A plague of pink rabbits has invaded Manhattan. I first noticed them daubed on pavements a couple of weeks ago. Then, while exploring lower Broadway, I spotted an abandoned shop-front wrapped in pink banners and slogans - surely the bunnies' hutch.
Approaching, I found myself ambushed by young women in pink T-shirts and caps exhorting me to go inside. Their urgency was of the sort worn by campaign volunteers on the eve of an election. Sign their petition, they said, and I would be rewarded with a token of their gratitude.
Notwithstanding an anti-war march on the UN last Tuesday by thousands chanting, "Hey, hey, ho, ho, the Bush regime has got to go", political protest is not popular with most young Americans.
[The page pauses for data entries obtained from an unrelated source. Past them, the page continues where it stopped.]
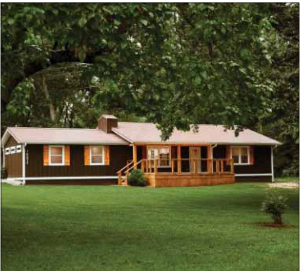
MLS 2166468 - 10879 US 41, Monteagle. $289,000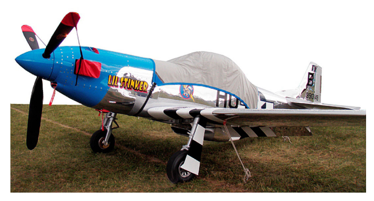
Stewart Mustang Canopy Cover, Prop Tie Downs & Intake Plugs Stewart Mustang Canopy Cover, Prop Tie Downs & Intake Plugs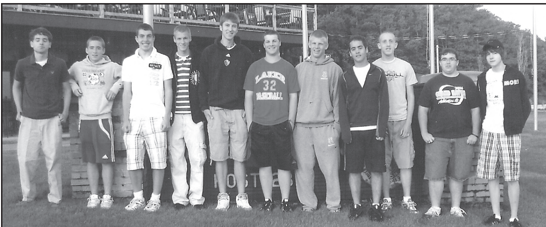
Boys State 2009 Delegates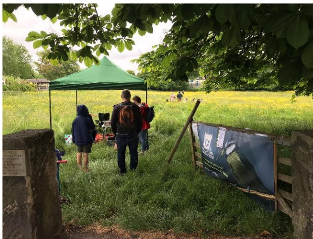
Figure 4 Miss Porritt's field event

MANT's first full year as a charity has been a resounding success. The Wild Gardens Open Day in May 2022 attracted over 80 people and highlighted six very different, but very nature friendly, gardens. Miss Porritt's field has benefitted from conservation grazing by three Dexter cows, and with the help of Years 2 and 3 of Menston Primary School, over 280 native trees were planted. Scouts groups spent sessions surveying plants and bugs, a Jubilee Oak was planted and an open day encouraged local residents to explore the field.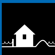
Levees and Floodwalls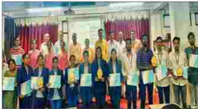
TechnoCraker- Annual Intercollegiate Event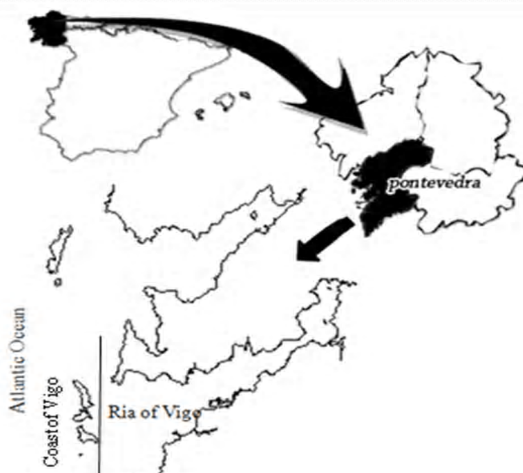
Fig. 1. Map showing the coastal area of Vigo and Ría de Vigo (Miño river estuary) with the selected sampling stations

Muscle contained from 0.14 to 0.69 mg of Hg/Kg d.w., while values in the liver and kidney were in the range of 0.2- 0.77 and 0.015- 0.58 mg/Kg d.w. respectively (tab. 2). Hg content in muscle and liver of this species is higher than most values reported for the Mediterranean (Usero et al. , 2003). The EC Regulation (EC, 2006) has established a regulatory limit for muscle fish consumption. Sole has not exceeded this limit indicating a steady condition and good quality of the edible parts regarding this metal. Cd values were higher in liver than in the kidney and muscle (tab. 2, Fig. 2).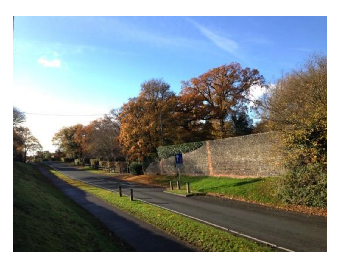
Image D - looking south along Petersfield Rd, shows fine local ironstone listed boundary wall to Deal Farm, directly opposite the site.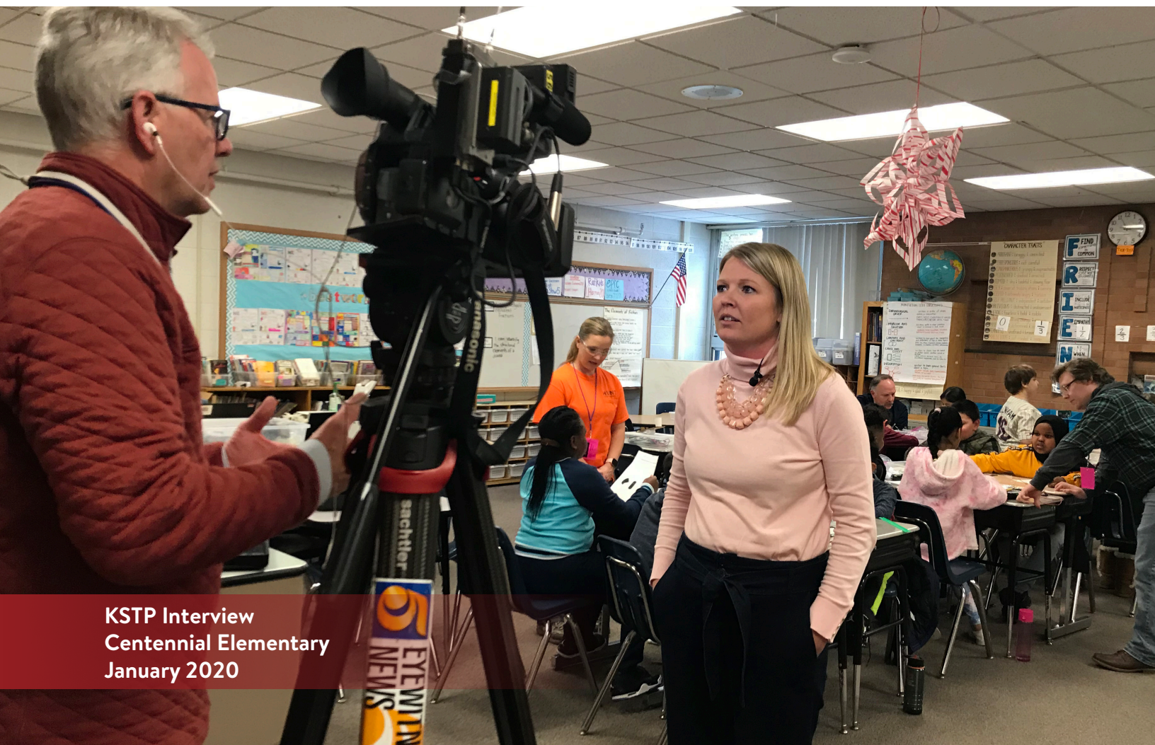
KSTP Interview Centennial Elementary January 2020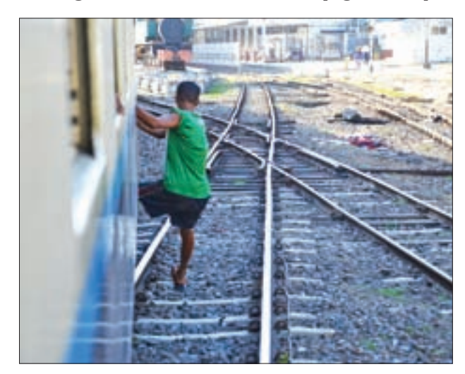
A train arriving Yangon Station.

Yangon circular train will cost US$301.29 billion, which will come from the government budget and from a loan from Japan, according to the Myanma Railway (MR).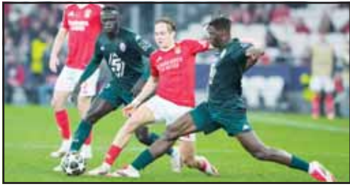
Benfica's Andreas Schjelderup, center, duels for the ball with Monaco's Krepin Diatta, front left, and Monaco's Wilfried Singo during a Champions League playoff second leg soccer match between SL Benfica and AS Monaco at the Luz stadium in Lisbon. Benfica won 4-3 on aggregate. — See Page 15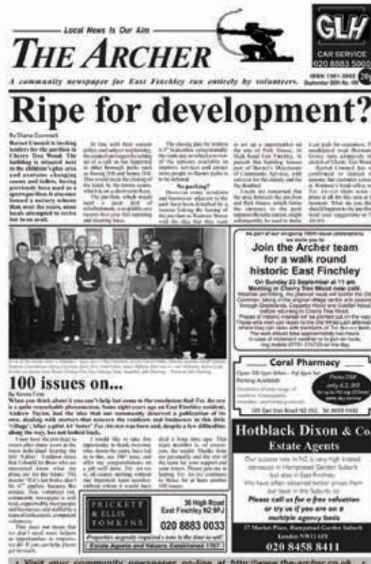
Issue numbers 100 and 200

You can time travel back to East Finchley in any year since 1993 by browsing through the archives on our website www.the-archer.co.uk where you can read all our available editions.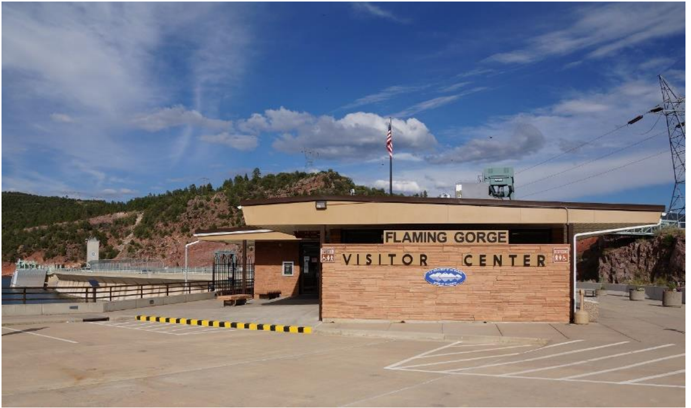
The Flaming Gorge Visitor Center on the dam.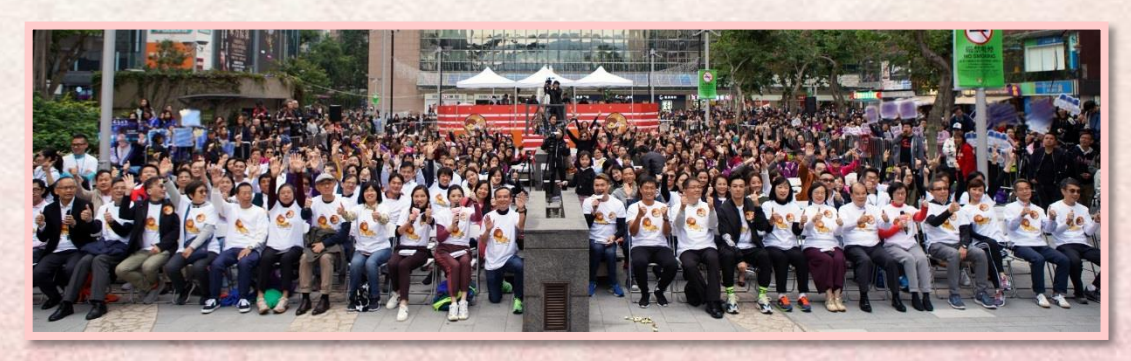
08 December 2018 Attending Move for Health by Department of Health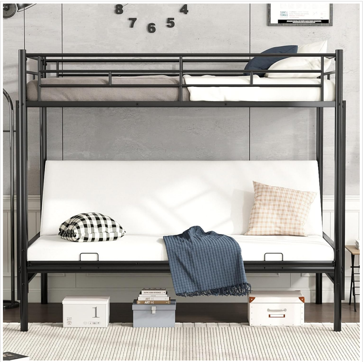
Image: The futon in its upright sofa configuration, suitable for seating.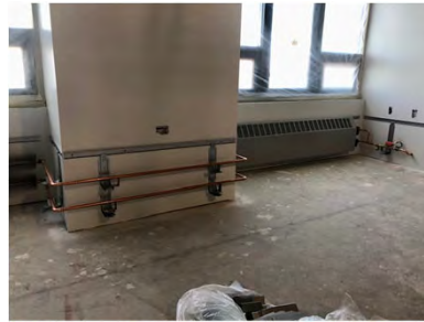
Installation of fin tube radiation & covers at 4 th floor classrooms Academic Building.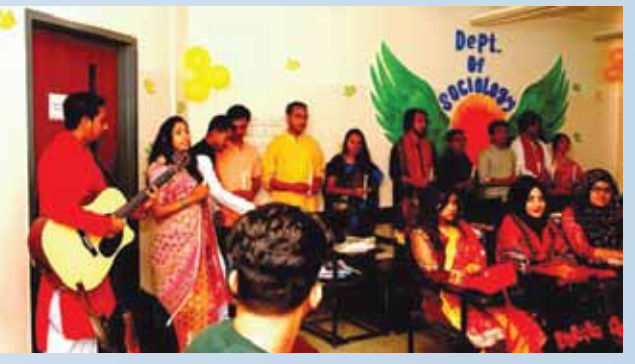
The Farewell Program of the Department of Sociology, Spring 2019

Department of Sociology organized a Farewell program. 26 graduate students expressed their feelings and shared their memory to show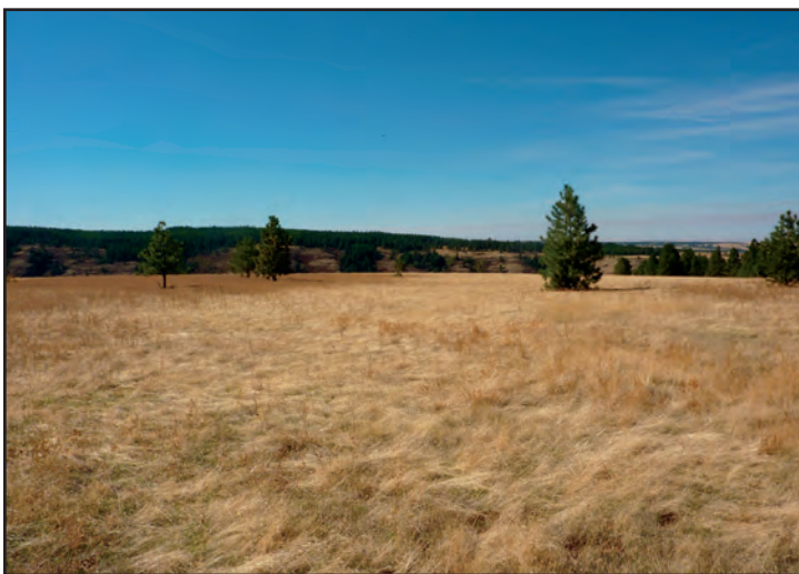
View to the northwest from ridgetop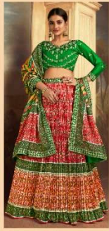
*** 2102 ***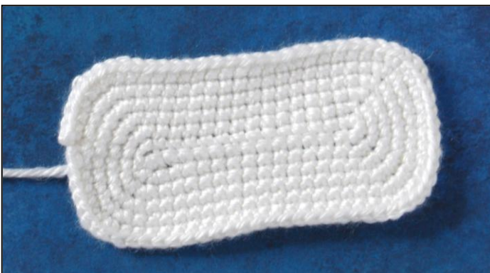
Figure 1: Phone body

The phone body is made in two pieces. To get the oval shape, you will work in the back stitches of the foundation chain and continue from there in rounds.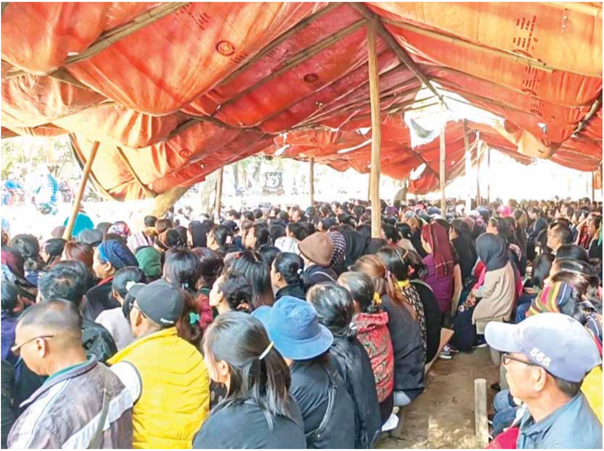
Members of the United Zou Organization (UZO) stage demonstration against the decision to scrap the Free Movement Regime and fence the India-Myanmar border.

Chandigarh has become the country's first administrative unit where 100 per cent implementation of the three criminal laws has been done with Prime Minister Narendra Modi on Tuesday saying these new legislations are becoming protector of citizen's rights and the basis of ease of justice. The laws -- Bharatiya Nyaya Sanhita, Bharatiya Nagrik Suraksha Sanhita and Bharatiya Sakshya Adhiniyam - came into effect on July 1, replacing the British-era Indian Penal Code, Code of Criminal Procedure and the Indian Evidence Act, respectively. Chandigarh has become the country's first administrative unit where 100 per cent implementation of the three laws has been done. Speaking on the occasion, the prime minister said the new criminal laws represent a concrete step towards realising the ideals enshrined in the Constitution for the benefit of all citizens. He said the new laws came into effect at a time when country is moving ahead with the pledge of "Viksit Bharat" and 75 years of adoption of Constitution have been completed, thus the launch of the Bharatiya Nyaya Sanhita, rooted in constitutional values, is a significant occasion.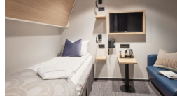
Junior Suite with Balcony. From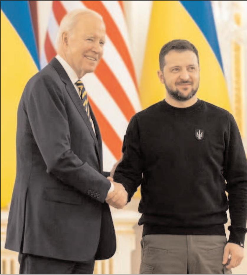
KYIV: Joe Biden shaking hands before a meeting, amid Russia's attack on Ukraine.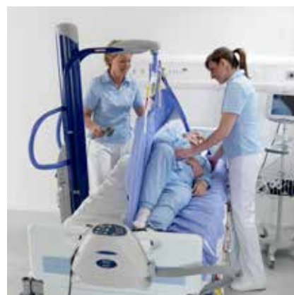
...or for repositioning and turning patients in bed.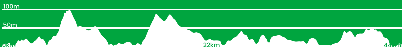
Bantry to Skibbereen | Elev Gain: 716m/ 2350ft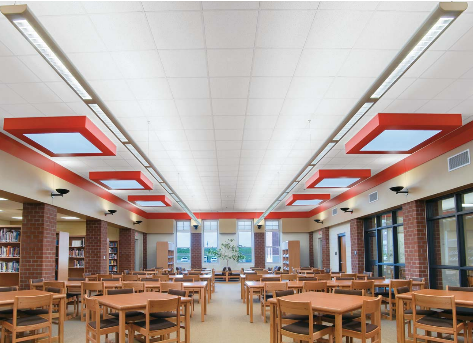
FINE FISSURED Square Edge with PeakForm™ Prelude™ XL 24mm Exposed Tee grid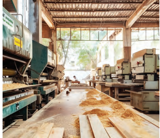
Furniture production unit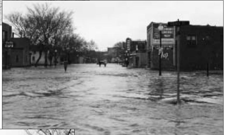
Business district on Belgrade Avenue.

Quiescence is more their style. But with their Cottontail graffiti, these folk had grabbed my attention. I was intrigued.
"Lactose Tolerance Day," a woman explained, handing me a clipboard with a long list of signatures. Pardon? "Lactose Tolerance Day. We are petitioning for every day to be Lactose Tolerance Day." The earnestness of her appeal made discovering the truth of this ruse all the more acute. Let's just say that my "reward" was a bottle of Nesquik banana milk.
This is a rather wide-ranging campaign by Nesquik, owned by Switzerland's Nestlé. There is a web site too and pink-bunny ads flashing across video screens in Times Square. If Nestlé had released a swarm of real rabbits, spray-painted pink, in Central Park, I would hardly have been surprised.
But am I alone in being irritated? Are they trying to be funny about lactose intolerance, a condition that affects 50 million people in the US? Maybe their target was America's penchant for attaching one cause or another to every day in the calendar. But what Madison Avenue genius thought of this wheeze - an advertising pitch disguising itself as grassroots politics? And what possessed them to launch it when world leaders were in New York to tackle issues of actual interest to mankind such as Darfur?
If you are like me, you have a spam-filter on your e-mail. Mine is entirely useless; even today, I got a message from reply@ hairmailer.com - it was an ad from an outfit called Lactagen pushing non-dairy products on people who, you've guessed it, are lactose intolerant.
But spamming is not something that happens only on the internet. What my encounter with the centre-fold bunny girls on Broadway demonstrated is that you can be spammed even as you walk down the street.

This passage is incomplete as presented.